Sitting here, cup of hot tea, blanket wrapped around me, fighting off some weird stomach bug. As with any time home alone, I have found myself in a quandary of contemplations.
Divorce is a big, scary word, but know what is even more daunting? Preparing for the future. I am scared witless over figuring out my budget, itemizing priorities, and making it “go”. I am terrified of failing. I need to do this, I know that a lot of people, including him, doesn’t understand why I have to do this. I’m tired of being “mom” to a son and husband. I’m tired of having a filthy house, that no one doesn’t care about. I am tired of clutter and desire a minimalistic style. I need to stand on my own two feet, but I am very afraid of failing.
I am also haunted by the thoughts that I am not worthy of a “happy ending.” I am dreamy, yes.. I know this. I know that “happy” is a vague word, and that our life isn’t always “happy.” I know that we have to be happy ourselves, to recognize and enjoy happiness around us. I just can’t live in a deadened marriage. We’re very stagnant. We’re not a passionate, lovemaking, cuddling, intimate couple. I need that. I am not trying to be greedy, self centered, or a bitch. But I also know that I cannot live in a life with a person who doesn’t see things equally.
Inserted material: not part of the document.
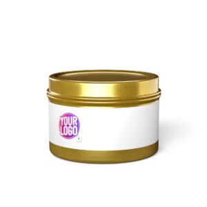 Create a treat for aromatherapy enthusiasts with these custom tin candles. Available in 4oz and 8oz tins, these candles come natural coconut soy wax that is made and hand-poured in the USA. All candles feature a lead and zinc-free cotton wick with an average burning time of 20 hours (4oz) and 40h (8oz). Choose between 5 captivating aromas: evergreen, fresh coffee, mango coconut, spa retreat, or vanilla bean, and 3 tin colors: gold, silver, or black.
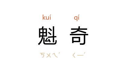 引《晋书·赫连勃勃载记论》:“然其器识高爽,风骨魁奇, 姚兴 覩之而醉心, 宋祖 闻之而动色。”唐 韩愈 《送廖道士序》:“意必有魁奇忠信材德之民生其閒,而吾又未见也。”清 戴名世 《<金正希稿>序》:“而魁奇英伟之才,反遗弃摈斥於荒山墟市,无可如何而付之一死。”清 方履籛 《<河内县志>叙传》:“机神独运,遂炫魁畸。”

Which leads me into my value. I am trying to find my value. What is my value? I am great catch; if you’re not hung up on skinny girls. My major flaw is my weight. I want someone who’s as sexually charged as I am. I don’t want someone with an Oedipus Complex….. (this is not a reference to my husband…this is a personal reference for my bff) I really..just want to get laid, lol. (another reference for Bff).
But, in all of these desires in a relationship, I know that I am not looking for a relationship right now. Fuck, I’m a mess. I need to get “me” going and rolling and surviving before I even contemplate relationships. But, a girl has physical needs too. Dreams include, but not limited to going back to college, staying in counseling, getting weight down, and keeping my chakra open to receive.